Born in 1928, Taylor received his BA and MA from Mount Allison University in Sackville, New Brunswick in 1949 and 1950. The next year in England, he received his ABD in Literature from the University of London. Later in 1978 he received his PhD in Communication from the University of Pennsylvania. Back in Canada Taylor started his career as radio and television producer for the Canadian Broadcasting Corporation in Ottawa in 1956, where in 1963 he became Regional Supervisor. In 1966 he started at the University of Pennsylvania as lecturer and as Director of the TV Laboratory. In 1970 he moved to the Université de Montréal, where he was appointed Professor at the new founded Department of Communication. In 1999 he retired and was named Emeritus Professor. In the 1980s he was also adviser on Planning at the Department of Communications Canada in Ottawa, and board member of the Canadian Workplace Automation Research Centre, later Centre for Information Technology Innovation.
Work
Drawing from research in fields such as organizational psychology, ethnomethodology, phenomenology and collective minding, Taylor developed an original theory oforganizational communication, suggesting that communication is the "site and surface" of organizations, rather than a phenomenon taking place within pre-existing organizations.
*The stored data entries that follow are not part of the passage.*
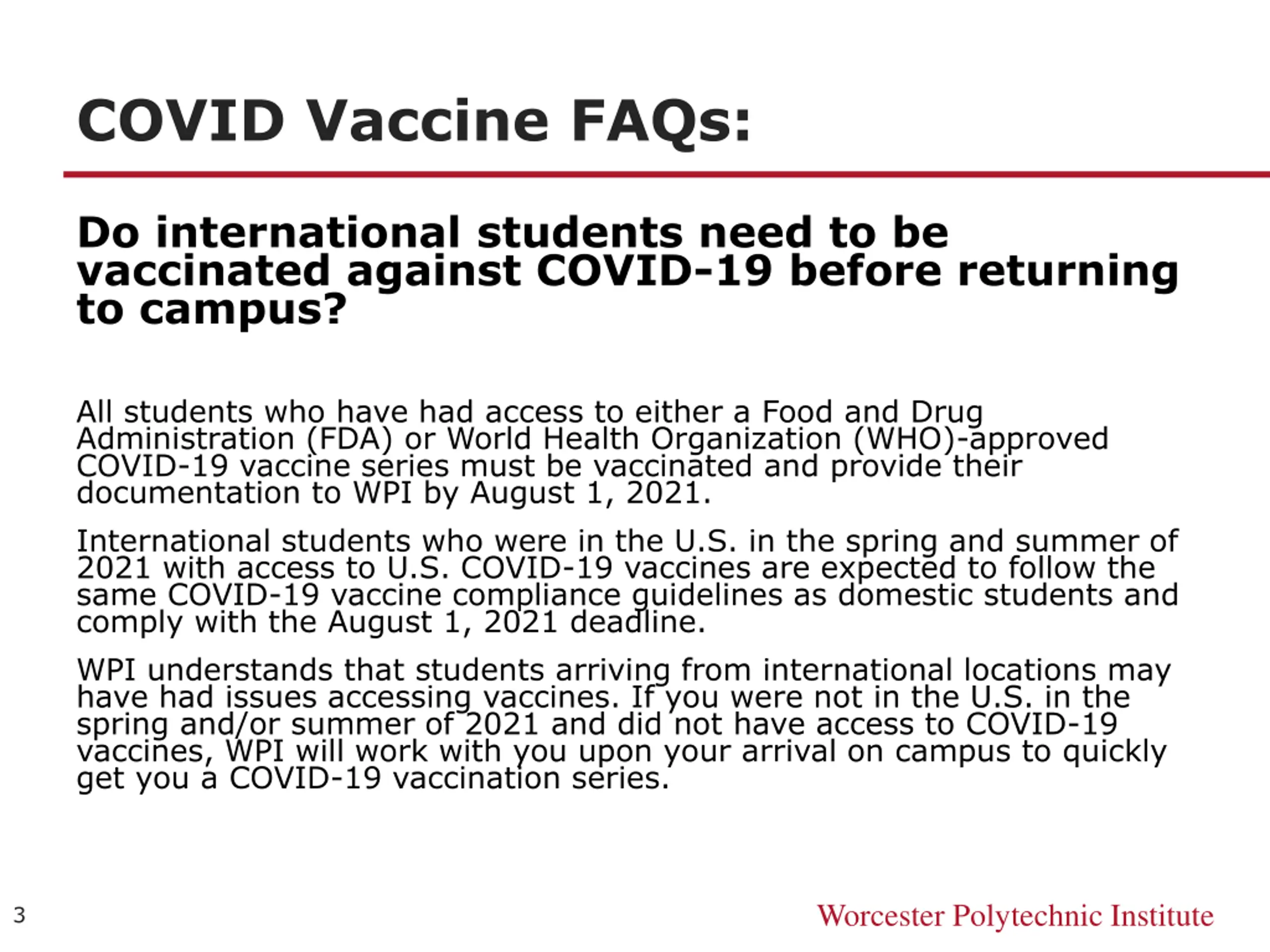 COVID Vaccine FAQs: Do international students need to be vaccinated against COVID-19 before returning to campus? All students who have had access to either a Food and Drug Administration (FDA) or World Health Organization (WHO)-approved COVID-19 vaccine series must be vaccinated and provide their documentation to WPI by August 1, 2021. International students who were in the U.S. in the spring and summer of 2021 with access to U.S. COVID-19 vaccines are expected to follow the same COVID-19 vaccine compliance guidelines as domestic students and comply with the August 1, 2021 deadline. WPI understands that students arriving from international locations may have had issues accessing vaccines. If you were not in the U.S. in the spring and/or summer of 2021 and did not have access to COVID-19 vaccines, WPI will work with you upon your arrival on campus to quickly get you a COVID-19 vaccination series. Worcester Polytechnic Institute 3
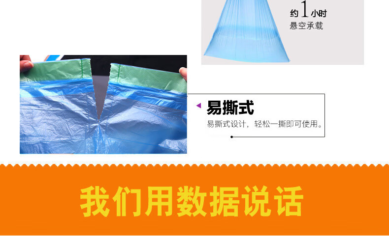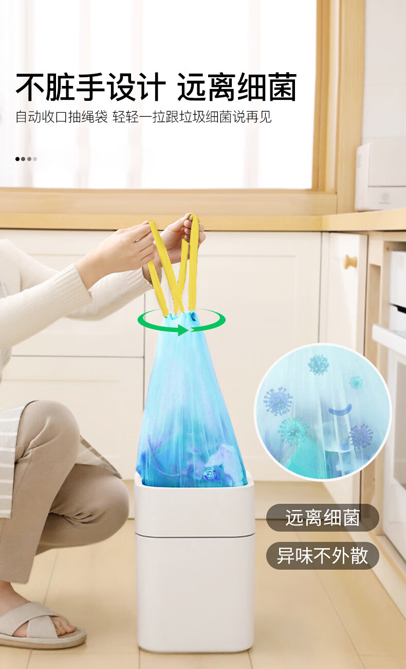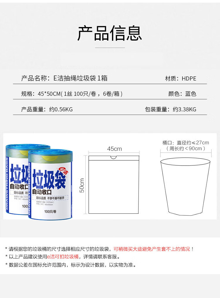 e洁 抽绳垃圾袋 DT104550-100 蓝色 45*50cm 100只/卷*6卷*1箱
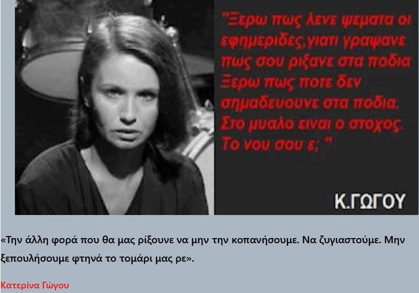 Σαν σήμερα 3 Οκτώβρη του 1993 έδωσε τέλος στην ζωή της με χάπια και αλκοόλ η ηθοποιός, στιχουργός και ποιήτρια Κατερίνα Γώγου.
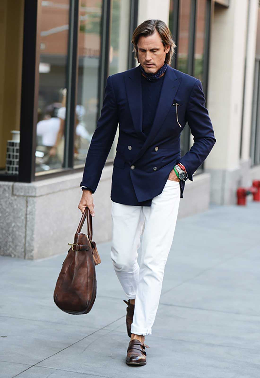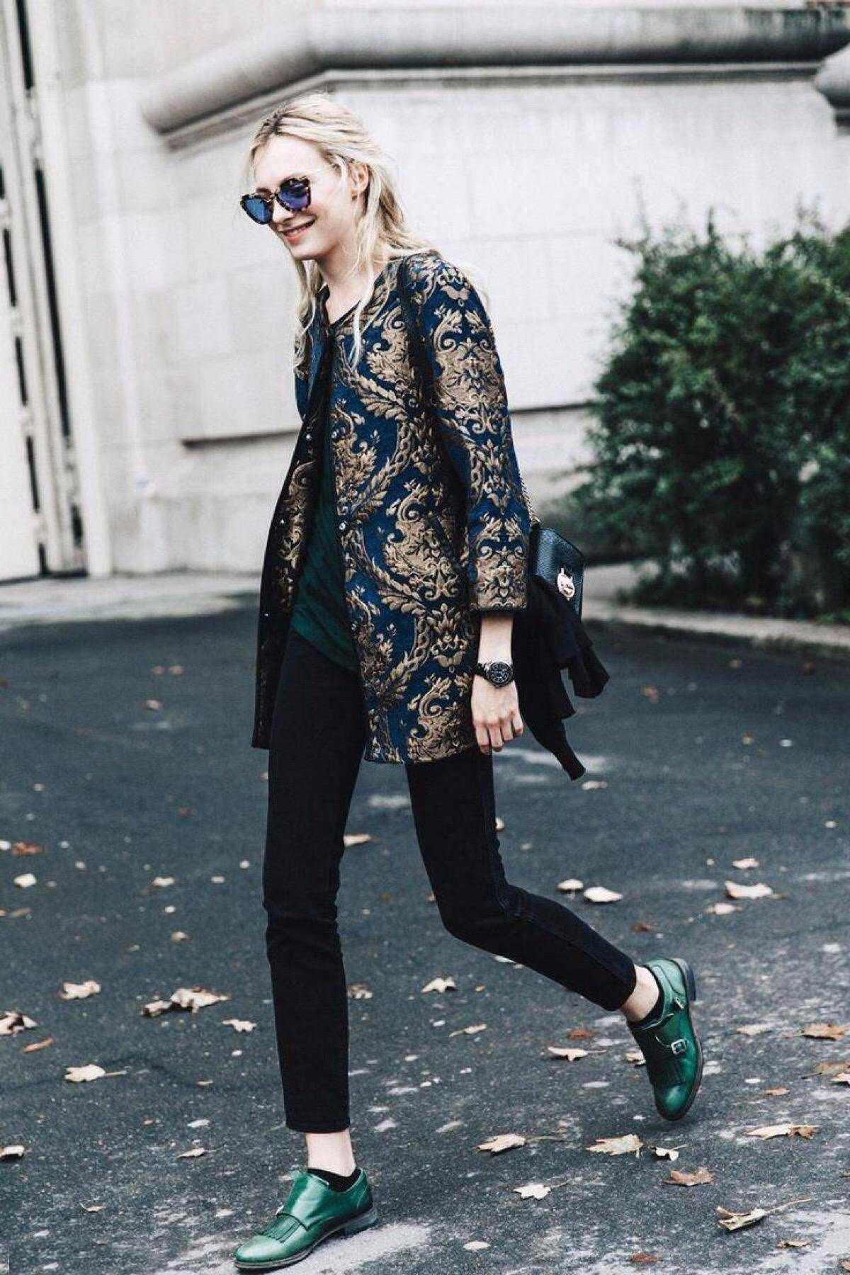 На брюках важно сделать подворот, немного оголив щиколотку и открыв застежки. Отлично в таких образах выглядят туфли с перфорацией либо же с цветным мыском.
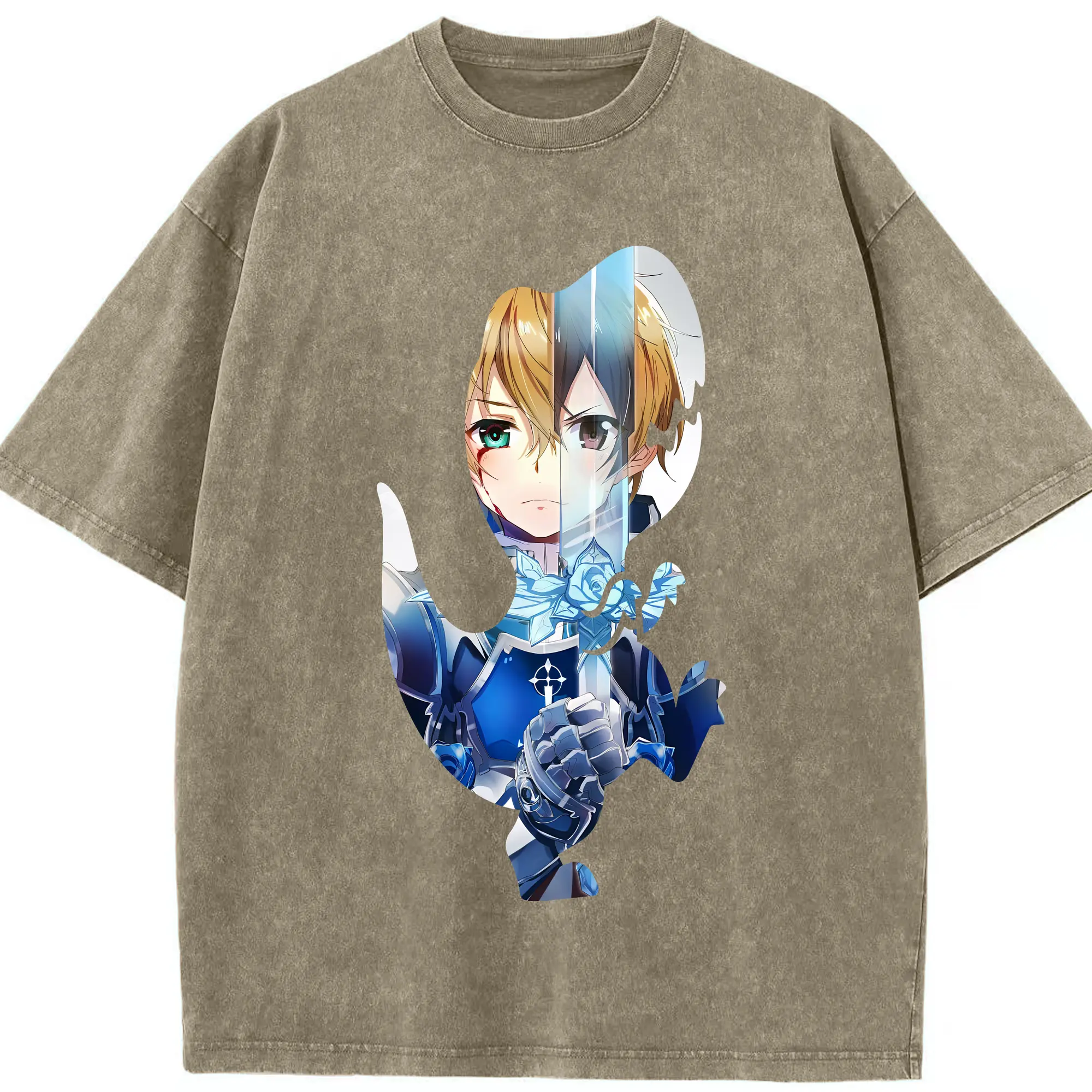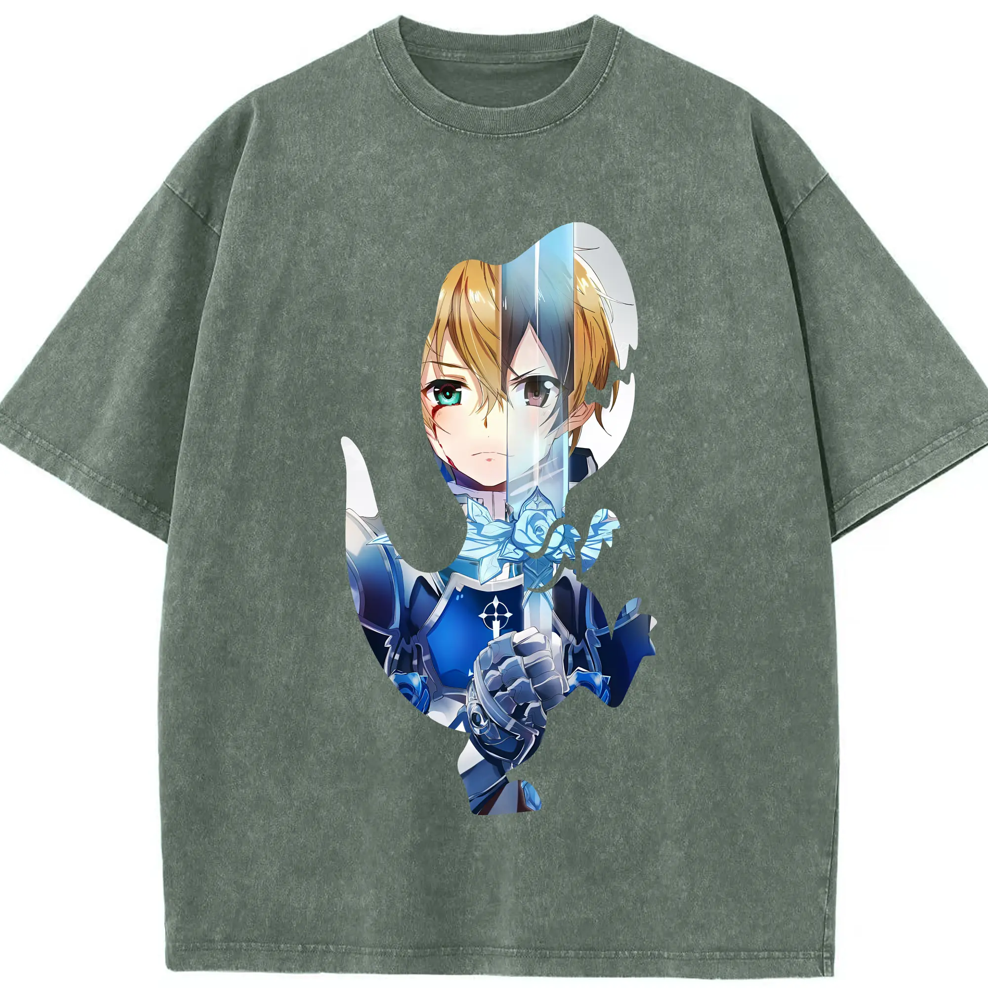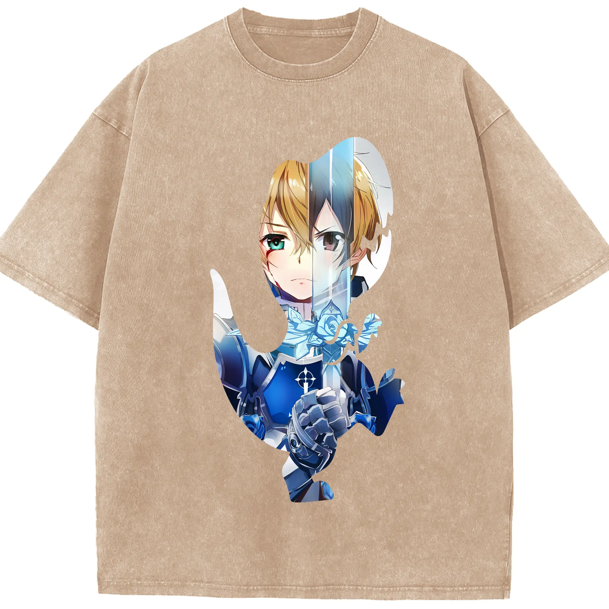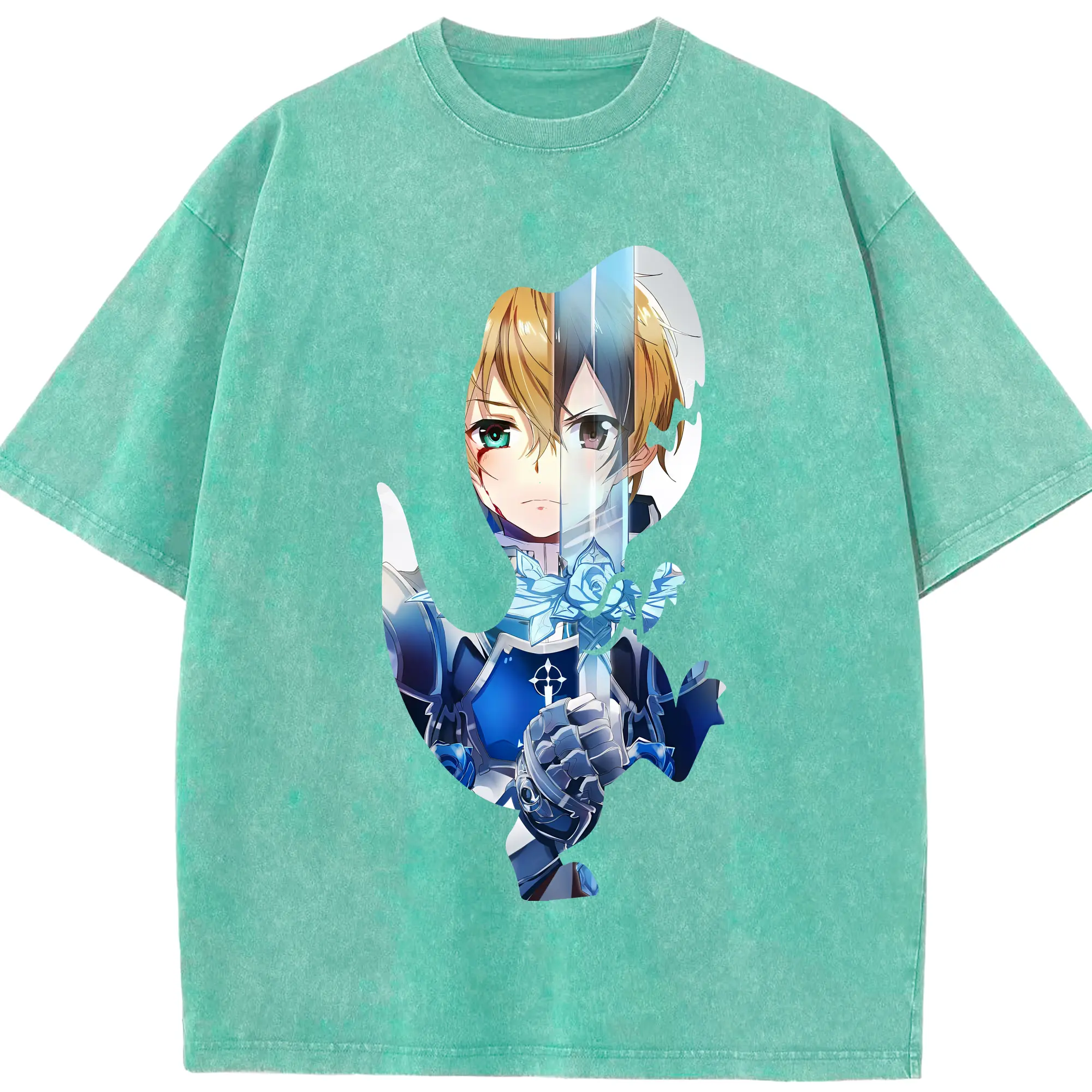 ソードアートオンライン グッズ ユージオ - 綿100% ヴィンテージ風 半袖Tシャツ ・ 背面プリント ・ 柔らか肌触り ・ 通気性 快適 ・ スポーツ カジュアル 外出用

He uses interaction and conversation analysis to understand the processes by which organizations and organizational roles emerge and are maintained. The line of thought initiated by James Taylor has come to be known as "The Montreal School" of organizational communication, sometimes referred to as TMS, and has been acknowledged as an original theory by such authors as Haridimos Tsoukas, Linda Putnam, Karl E. Weick, Barbara Czarniawska.
Selected bibliography
Cooren, F., J. R. Taylor, & E. J. Van Every . Communication as organizing: Empirical and Theoretical Explorations In the dynamic of text and conversation. Mahwah, NJ: Lawrence Erlbaum Associates.
Taylor, J. R. & E. J. Van Every. The Emergent Organization: Communication as its Site and Surface. Mahwah, NJ: Lawrence Erlbaum Associates.
Taylor, J. R.. Rethinking the theory of organizational communication : how to read an organization. Norwood, NJ: Ablex Publishing.